2. f-spot was writing invalid (or at least malformed) XML for the
xmp-subject tags. I asked for illumination in the f-spot mailing list
a few times, but I got no answer (i.e. no solution or simple
acknowledgement of what was happening); shotwell has no problems so
far;

3. f-spot *did* screw my saved-in-picture tags BIG TIME: I discovered
too late that if at some given moment you switch to `do not write
metadata into files' (in my case for performance reason, given the
huge amount of photos to be tagged), then do some mass-tagging, then
switch back to `write metadata into files', f-spot will just write the
*new* tags, silently *overwriting* the ones already in files metadata.
A show-stopper. I guess I should have used the (optional) plugin to
update metadata into files, but that extension was not available any
more for newer versions. I don't dare trying that one with shotwell,
given the preceding experience, so I don't know what it would do;

4. f-spot is no longer being actively developed, and the current
version is quite buggy, far from usable.

5. last but not least, f-spot is written in C# (or whatever they call
it) and uses the `mono' libraries, thus I guess one can not easily
borrow pieces of code from it and using it on other software (I'm not
developer, so this is just my guess).

Bottom line:

A. I use Geeqie for tagging single or small groups of pictures (pretty
fast and accurate, focused on XMP but AFAICT writes IPTC and EXIF
according to the MWG specifications). Also, the possibility to link
single keys (1 to 6) to specific tags makes the tagging operation
quite fast and efficient.

B. I use ExifTool to do more complex mass-tagging, like conditionally
removing or renaming a specific tag recursively into directories, or
adding several tags of copyright informations, locations and such.

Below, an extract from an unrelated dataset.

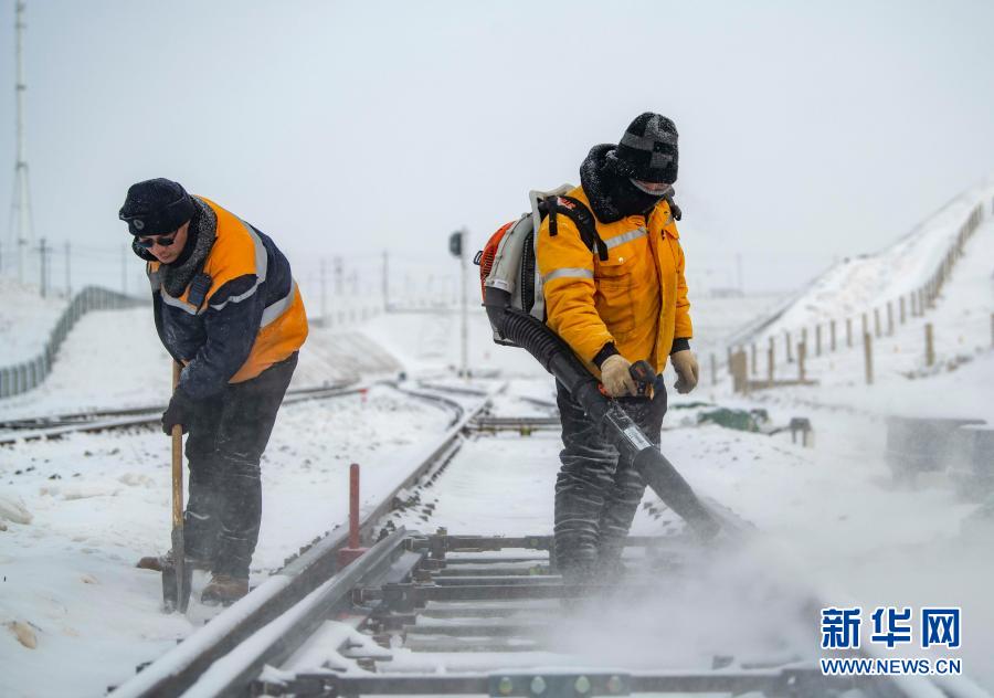 瑪依塔斯風區是我國乃至世界罕見的暴風雪災害區。每年冬季,這里都會出現風吹雪現象,極易導致鐵路線上的積雪板結,影響列車運行。鐵廠溝維修工隊每周風雪無阻,進行清雪除冰作業。為提高效率和保障作業人員安全,他們采取軌道除雪車和人工相結合的作業方式。

C. I use Gimp to edit photos, and I manually keep track of the file
versioning (that was OK in f-spot, providing you had the `exiflow'
extension installed).

D. I (will) use Shotwell to *watch* my picture collection and to do
quick tag-searches/filtering, once the hierarchical tagging will be
stable enough (as you can see from my preceding threads I already went
through some of the problems you were experiencing, and I have decided
to wait a bit more to import my whole collection.)

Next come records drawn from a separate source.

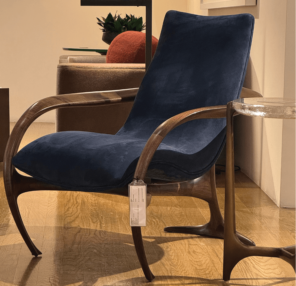 Showrooms are filled with colorful fabrics, luxury furniture and high-end finishings: tile, lighting fixtures, and cabinets. A walnut Vladimir Kagan “Gigi Chair” in the Holly Hunt showroom is on offer for $27,000. The Sloan Miyasato showroom featured a stunning chandelier made of blown-glass leaves in the “Foglia” collection of Healdsburg-based Studio Bel Vetro.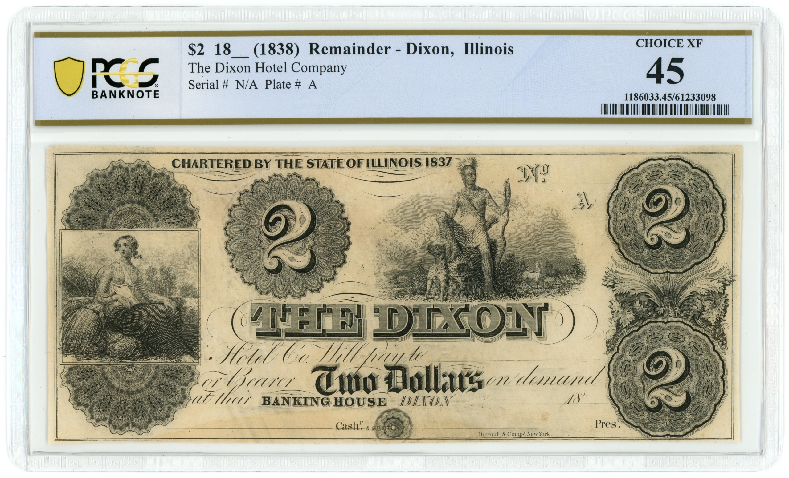 1838 $2 The Dixon Hotel CO. Dixon IL PCGS XF45 (L6408)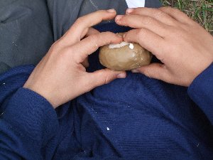 Per a fer la llàntia,havíem de fer una cassoleta de fang. |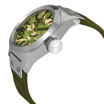 Stainless steel case with a green rubber strap. Fixed stainless steel bezel. Green camouflage dial with green hands and index hour markers. Dial Type: Analog. Date display at the 3 o'clock position. Quartz movement. Scratch resistant sapphire crystal. Screw down crown. Solid case back. Round case shape. Case size: 45 mm. Tang clasp. Water resistant at 100 meters / 330 feet. Functions: date, hour, minute, second. Eterno Solotempo Series. Casual watch style. Brera Orologi Eterno Solotempo Quartz Green Dial Men's Watch BRETS4581.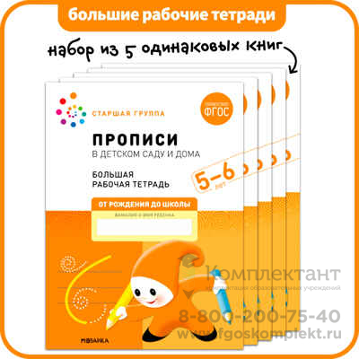 Оптовый набор Большая рабочая тетрадь. Прописи в детском саду и дома. 5-6 лет. ФГОС (5 одинаковых тетрадей тетрадей)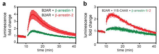To further validate the direct assay, we compared the recruitment efficacies of different β-arrestin-2 mutants to the B2AR in the direct assay and a classical BRET-based approach and compared the results obtained from both assays. The function of these arrestin mutants was described before [34,35]. No significant difference between the results of the two assays could be observed, providing evidence that the direct assay reports accurate measurements for relative binding strength (Figure 3b). All assay types lead to similar results, suggesting that they really measure the GPCR–arrestin interaction and not artifacts of the detection system.

In an ideal Unix-shaped world, we should have *one* application to do
the tagging, *one* to do photo-collection showing and filtering, *one*
to edit photos and so on, all *called* from one photo management
`mainframe', for so to speak.

My heart bleeds seeing that we are wasting precious volunteer
developers' time trying to reinvent the wheel with every new
application. Perfect example: DigiKam. It is an over-complicated
software that does *everything*, including making coffee, or at least
it tries to: multiple-tagging photos was painfully cumbersome. Plus
one needs cinema-sized displays just to show the regular user
interface (on a side note, DigiKam as well was randomly overwriting
f-spot-written tags, last time I tried it.)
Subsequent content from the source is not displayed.